EXERCISE DETAILS :: Produce a verbatim copy of the data below that contains no pictures.

RECORD SET ::
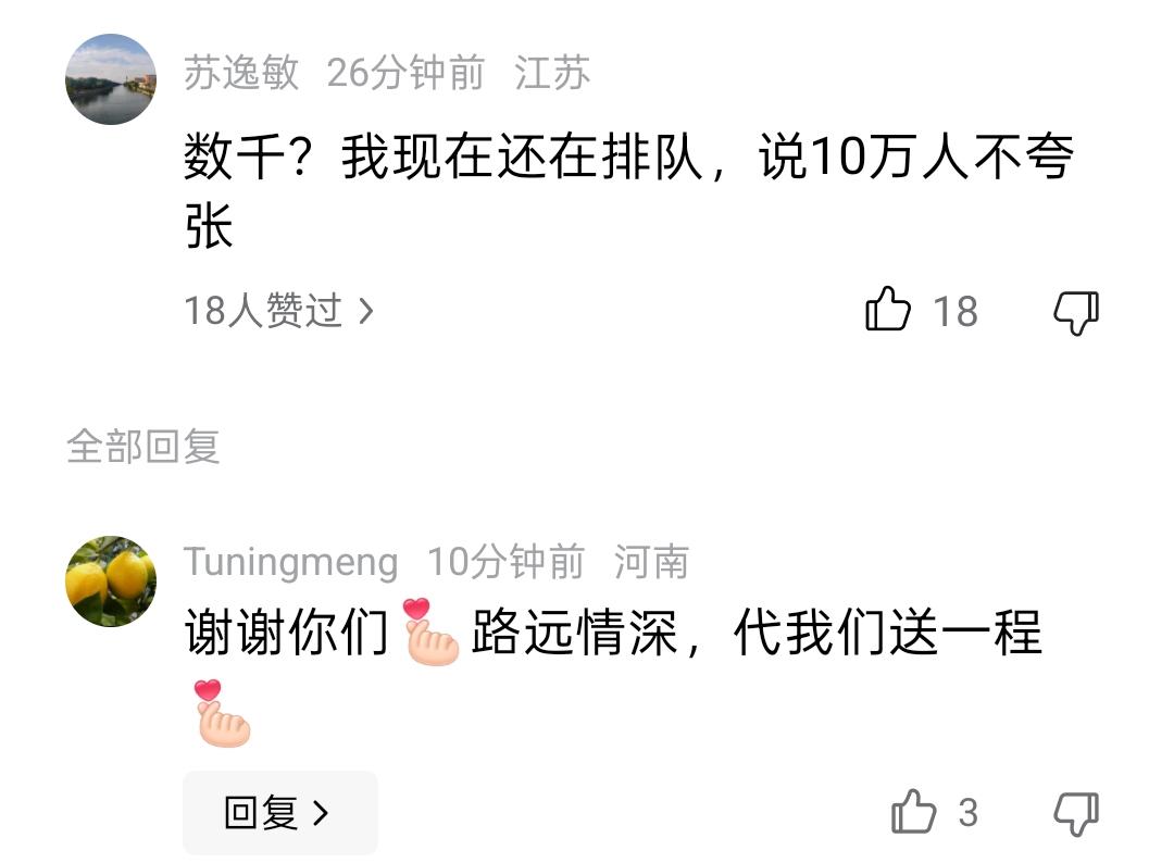 据说十万人自发送张雪峰 有网友说,今天估计有几千人自发送张老师,评论区马上回复,不夸张说,现场有十万人,说自己还在排队呢 确实,很多学子或者学子家长都听过他的直播,了解了很多避坑的信息,终生受用! 张雪峰老师,一路走好!
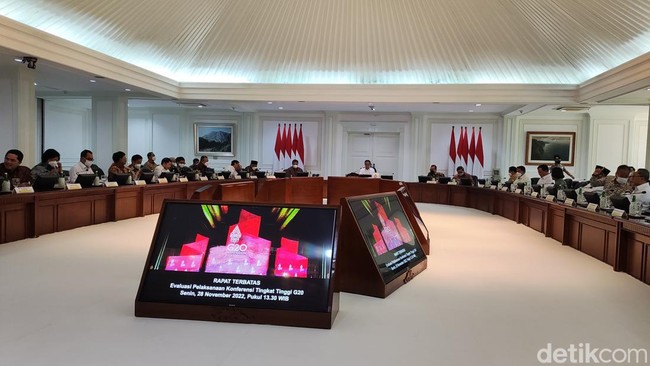 Presiden Joko Widodo (Jokowi) menggelar rapat terbatas bersama para menteri dan kepala lembaga. Rapat terbatas ini digelar untuk mengevaluasi pelaksanaan KTT G20 di Bali.
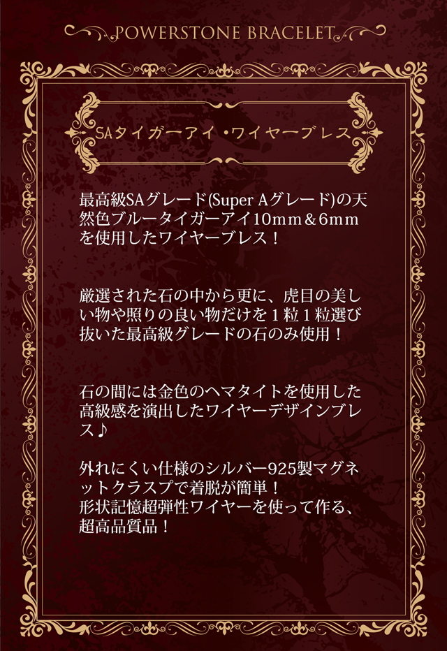最高級SAグレード(Super Aグレード)のタイガーアイ10mm&6mmを使用したワイヤーブレス!
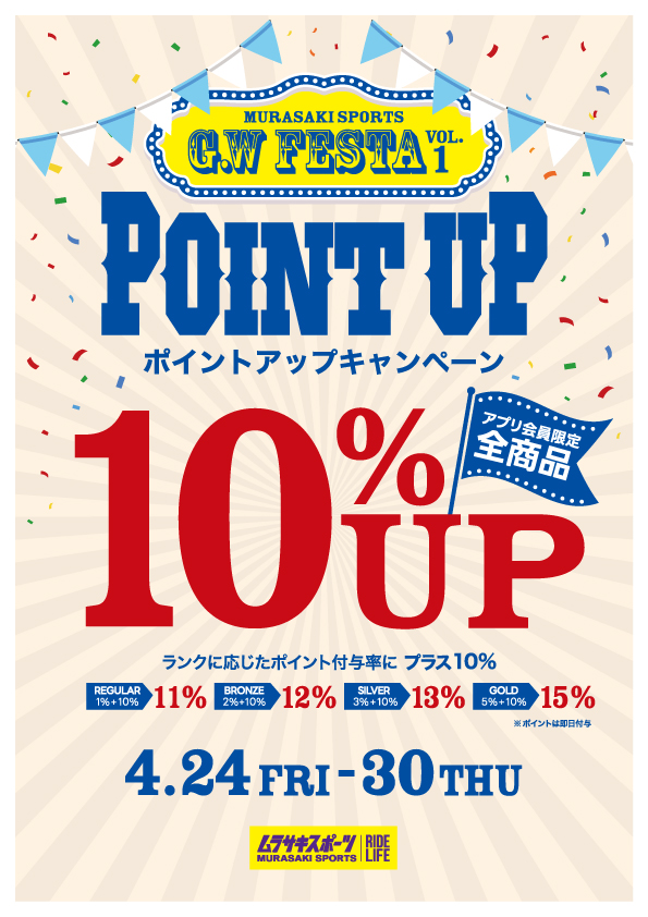🎉GWフェスタ開催!ポイント10%アップキャンペーン【ムラサキスポーツ】
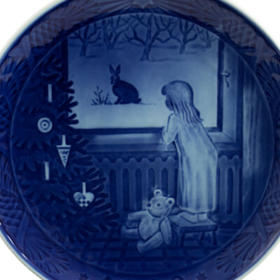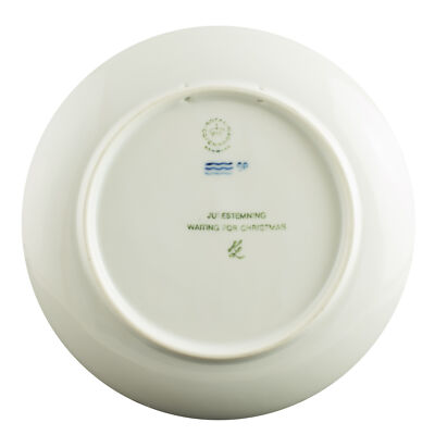 Il piatto di Natale in porcellana del 1982 è il 75° della serie di famosi piatti Royal Copenhagen ed è intitolato “Waiting for Christmas”. Il motivo riprodotto è in rilievo e il piatto è decorato a mano nelle classiche sfumature blu cobalto applicate sottosmalto.
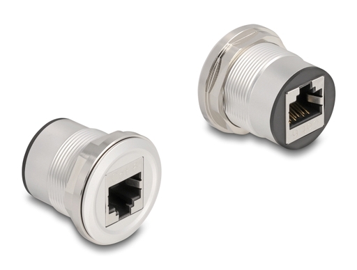 This RJ45 coupler by Delock can be used in a switch cabinet or distribution box to connect or extend two RJ45 plugs together.

PROBLEM SOLUTION ::
 据说十万人自发送张雪峰 有网友说,今天估计有几千人自发送张老师,评论区马上回复,不夸张说,现场有十万人,说自己还在排队呢 确实,很多学子或者学子家长都听过他的直播,了解了很多避坑的信息,终生受用! 张雪峰老师,一路走好!
 Presiden Joko Widodo (Jokowi) menggelar rapat terbatas bersama para menteri dan kepala lembaga. Rapat terbatas ini digelar untuk mengevaluasi pelaksanaan KTT G20 di Bali.
最高級SAグレード(Super Aグレード)のタイガーアイ10mm&6mmを使用したワイヤーブレス!
🎉GWフェスタ開催!ポイント10%アップキャンペーン【ムラサキスポーツ】
 Il piatto di Natale in porcellana del 1982 è il 75° della serie di famosi piatti Royal Copenhagen ed è intitolato “Waiting for Christmas”. Il motivo riprodotto è in rilievo e il piatto è decorato a mano nelle classiche sfumature blu cobalto applicate sottosmalto.
 This RJ45 coupler by Delock can be used in a switch cabinet or distribution box to connect or extend two RJ45 plugs together.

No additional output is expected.